Labour removing ECE choice from families

Published: Wed 20 Feb 2019 09:39 AM
Nicola Willis - Early Childhood Education
20 February 2019
Early Childhood Education may become unaffordable for vulnerable families if the Government pushes ahead with changes to home-based early education providers, National’s Early Childhood Education Spokesperson Nicola Willis says.
“More than 18,000 children currently attend a home-based early childhood service. Parents choose this type of care because it suits their family circumstances, with many telling me they value the low adult to child ratios, flexibility and family-feel that home-based care provides.
““Home-based care can operate outside of standard centre hours catering to shift-working parents and those who work outside the standard 9-5 schedule.
“But an announcement today shows the Government may reduce the number of home-based providers, increase costs to parents and push some vulnerable families out of early childhood education (ECE) altogether.
“My heart also goes out to the thousands of home-based educators who now have an uncertain future.
“Right now 70 per cent of home-based educators don’t have a qualification. Education Minister Chris Hipkins is hanging the axe over their jobs by threatening they will not be able to keep working in ECE without a level four qualification from a tertiary training provider.

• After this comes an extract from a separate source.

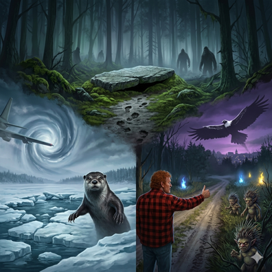 Larry, Amanda, and Sara discuss several "mysterious triangles" characterized by unexplained disappearances and paranormal activity. Larry details the Bennington Triangle in Vermont, where multiple people vanished between 1945 and 1950, giving rise to legends like "man-eating rocks" that swallow hikers and sightings of an eight-foot-tall hairy monster. Amanda explores the massive Alaska Triangle, a 400,000-square-mile area where over 20,000 people have gone missing since the 1970s, amidst reports of magnetic anomalies, cryptids like the "Kushtaka" shapeshifter, and high-profile aircraft disappearances corroborated by radar. Finally, Sara describes Massachusetts' Bridgewater Triangle, a "landlocked Bermuda Triangle" spanning 200 square miles that is home to ghostly orbs, Bigfoot-like creatures, mischievous "Pukwudgies," and massive Thunderbirds wit ...

“It’s unclear who will provide this training, how much it will cost or how long the qualifications will take to obtain.
“Parents are less concerned about the qualifications these educators have on paper and are more focused about the quality of care they provide. Forcing educators to re-train is an ideological proposal from a Government that thinks it knows better than Kiwi parents what is good for their children.
“National supports moves to increase transparency of funding, and to ensure appropriate oversight of the quality and safety of ECE services.
“However, we share officials concern that the Government’s approach outlined today may have the perverse impact of decreasing participation in early childhood education by some of our most vulnerable families, reducing parents’ ability to work and increasing costs for hard-working families.”